Меня зовут Илья Вокутин, и к тому лету мне было сорок четыре года. Я родился здесь же, в посёлке Тайтур, в семье, где мать была хантыйкой из рода Казамкиных, а отец — русским буровиком, приехавшим на север за длинным рублём и осевшим навсегда. Вырос я между двух миров, толком не прижившись ни в одном. По молодости бил соболя в госпромхозе. Потом, когда всё развалилось, несколько лет перебивался случайными заработками, а в заповедник попал почти случайно и остался, потому что деваться было некуда. Кордон Тайтур стал моим домом — самый дальний угол Юганского заповедника, где до ближайшего жилья два дня пути, связь работает через раз, а соседи-ханты живут так же, как жили их деды, по законам, которые старше любого государства.

Мать моя умерла за девять лет до того лета. Она рассказывала мне в детстве про болотного человека — про русского, который вышел из топи и остался жить среди хантов. Я думал, что это сказка-страшилка, чтобы дети не лезли куда не надо. Оказалось, что она говорила правду, только не всю. И когда на мой кордон пришла женщина из Екатеринбурга, разыскивающая брата, я узнал то, что мать унесла с собой в могилу, и то, что сорок пять лет лежало в этой земле, дожидаясь, пока кто-нибудь начнёт копать.

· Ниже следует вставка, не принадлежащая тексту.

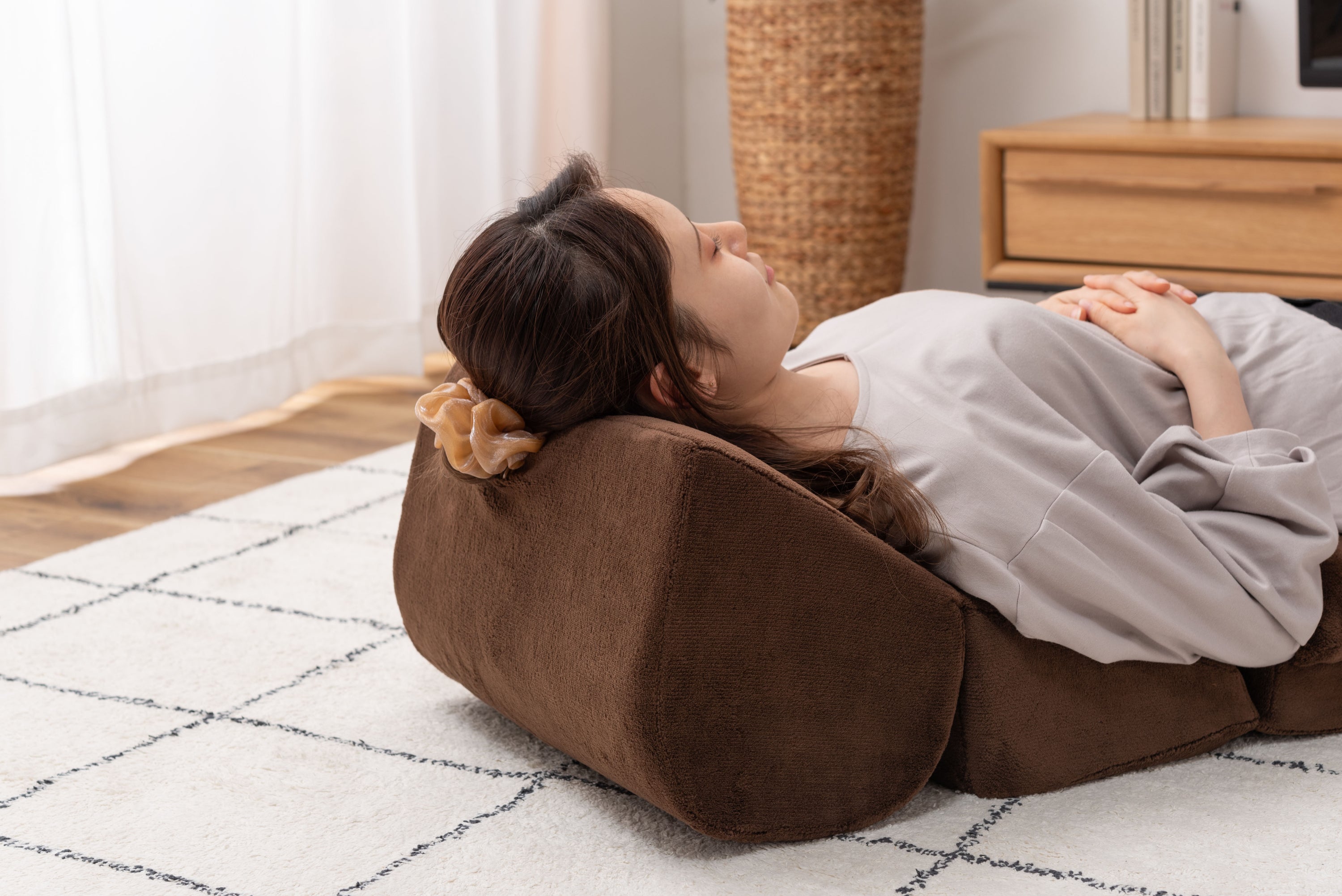 ROOMESSENCEのTV枕座布団付Mブラウンです。やわらかな触感を備え、ソファやベッドに活躍します。ブランドの美意識を感じる佇まいで、日常づかいから来客時まで幅広く対応。品番:FCC-120BR。暮らしに上質なアクセントを添える一品です。

Тело я нашёл в середине июля, на третий день обхода южного участка. Возвращался уже к кордону, шёл по краю большого болота, которое местные называют Сорлор. Там низина тянется километра на два, поросшая чахлым сосняком и багульником, и летом над ней стоит такой запах прели, будто земля гниёт изнутри. Я обычно обходил это место стороной не из страха, а просто потому, что идти там тяжело и смотреть не на что. Но в тот день срезал путь, торопился до темноты и поэтому полез напрямик. Он лежал на краю низины, на рыжем мху, лицом вверх. Сначала я подумал, что человек спит, потому что поза была спокойная — руки вдоль тела, ноги вытянуты, будто прилёг отдохнуть после долгого перехода. Но когда подошёл ближе, понял, что нет. Лицо уже тронутое, не живое, хотя глаза были закрыты, и выражение оставалось мирным. Комары поработали, но не сильно. Значит, лежал он здесь дня три-четыре, не больше. Рядом стоял рюкзак. На поясе висела фляжка. В кармане куртки я нашёл блокнот, исписанный мелким, аккуратным почерком. Документов не было никаких.

Я постоял над ним какое-то время, пытаясь понять, что его сюда привело. Место глухое. До ближайшего жилья два дня ходу. Просто так здесь не окажешься. Человек шёл куда-то специально. Это было видно по снаряжению, по карте в рюкзаке с карандашными пометками. Но куда именно и зачем, я тогда не знал.

Участковый Дорохов приехал только на следующий день к вечеру — добирался на моторке от Тугута, потом пешком по моим затёскам. Пока шли к телу, он всё жаловался на комаров и на то, что в такую глушь его посылают из-за каждого бродяги, которому вздумалось помереть в тайге. На месте походил вокруг, посмотрел на тело, спросил, трогал ли я что-нибудь. Я объяснил, что проверил карманы и рюкзак, но ничего криминального не увидел. Дорохов покивал, потыкал носком сапога в мох и сказал, что похоже на сердце или что-то в этом роде. Бывает, мужик не молодой, полез один в болото — вот и результат. Когда я спросил про блокнот и карту с пометками, он только пожал плечами и ответил, что его дело — оформить и передать, а не в чужих записях копаться.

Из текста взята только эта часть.